Exercise brief: Which lines run from the start of the material below through the line containing "Bei all diesen"? Retype them exactly, pictures excluded.

Collected data:
▶

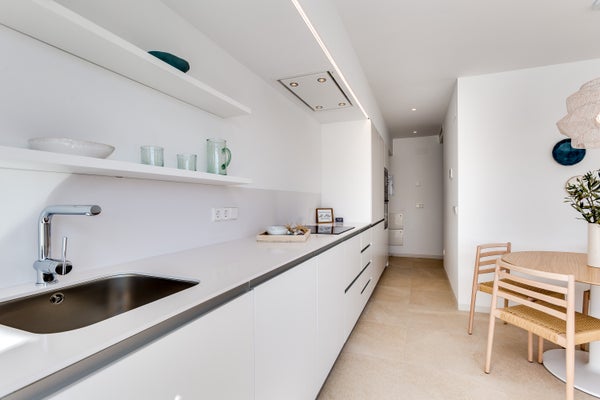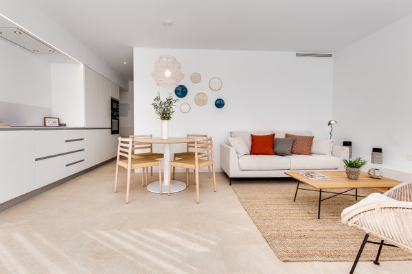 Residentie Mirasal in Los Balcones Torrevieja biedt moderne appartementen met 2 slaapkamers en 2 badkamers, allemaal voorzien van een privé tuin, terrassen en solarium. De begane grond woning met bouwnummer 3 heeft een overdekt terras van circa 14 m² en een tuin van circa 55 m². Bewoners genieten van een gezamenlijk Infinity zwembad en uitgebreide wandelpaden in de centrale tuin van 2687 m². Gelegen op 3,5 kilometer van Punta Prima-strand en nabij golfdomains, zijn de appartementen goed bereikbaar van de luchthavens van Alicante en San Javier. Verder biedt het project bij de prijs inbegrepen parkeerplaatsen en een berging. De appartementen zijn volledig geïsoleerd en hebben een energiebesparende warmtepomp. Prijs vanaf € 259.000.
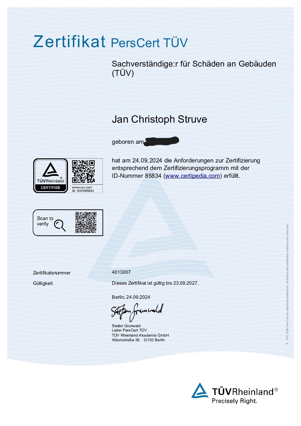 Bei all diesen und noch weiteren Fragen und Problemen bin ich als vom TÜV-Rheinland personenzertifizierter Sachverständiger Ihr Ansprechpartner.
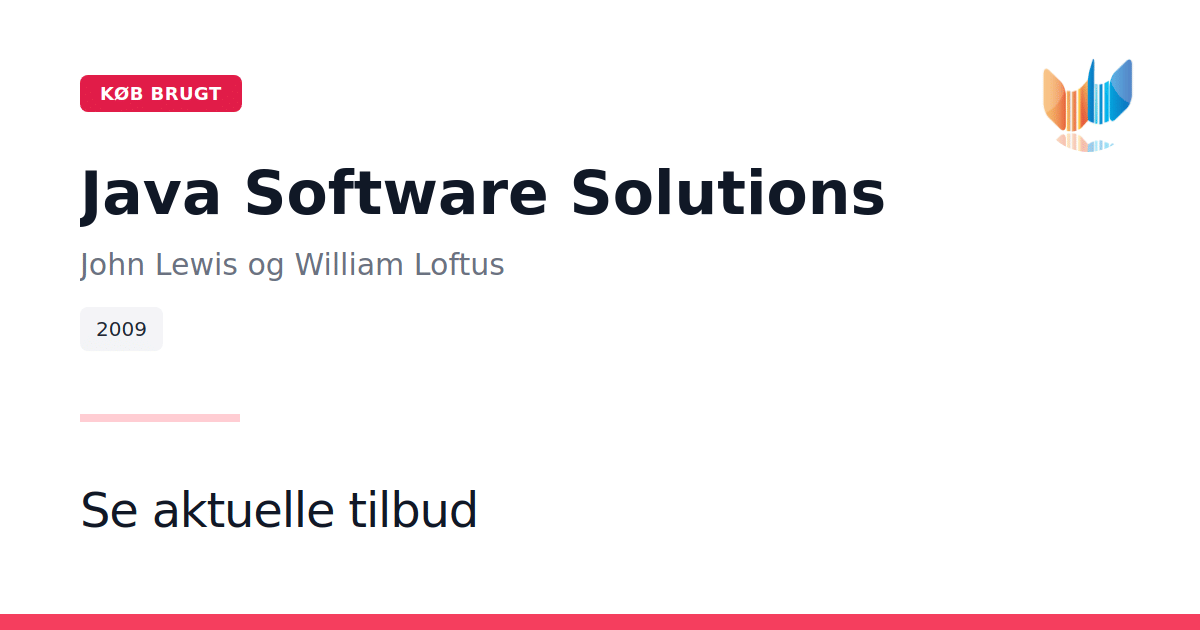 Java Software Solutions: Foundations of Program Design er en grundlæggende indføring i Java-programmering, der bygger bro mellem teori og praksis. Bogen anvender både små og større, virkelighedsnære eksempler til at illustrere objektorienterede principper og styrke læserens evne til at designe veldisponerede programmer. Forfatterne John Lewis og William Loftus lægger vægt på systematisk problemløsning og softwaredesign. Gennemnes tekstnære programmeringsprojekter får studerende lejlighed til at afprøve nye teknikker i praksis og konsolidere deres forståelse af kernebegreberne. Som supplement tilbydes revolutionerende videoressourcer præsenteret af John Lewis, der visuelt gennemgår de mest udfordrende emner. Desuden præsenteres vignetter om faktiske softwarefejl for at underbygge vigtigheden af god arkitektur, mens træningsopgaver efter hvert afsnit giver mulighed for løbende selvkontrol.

◀

Task solution:
 Residentie Mirasal in Los Balcones Torrevieja biedt moderne appartementen met 2 slaapkamers en 2 badkamers, allemaal voorzien van een privé tuin, terrassen en solarium. De begane grond woning met bouwnummer 3 heeft een overdekt terras van circa 14 m² en een tuin van circa 55 m². Bewoners genieten van een gezamenlijk Infinity zwembad en uitgebreide wandelpaden in de centrale tuin van 2687 m². Gelegen op 3,5 kilometer van Punta Prima-strand en nabij golfdomains, zijn de appartementen goed bereikbaar van de luchthavens van Alicante en San Javier. Verder biedt het project bij de prijs inbegrepen parkeerplaatsen en een berging. De appartementen zijn volledig geïsoleerd en hebben een energiebesparende warmtepomp. Prijs vanaf € 259.000.
 Bei all diesen und noch weiteren Fragen und Problemen bin ich als vom TÜV-Rheinland personenzertifizierter Sachverständiger Ihr Ansprechpartner.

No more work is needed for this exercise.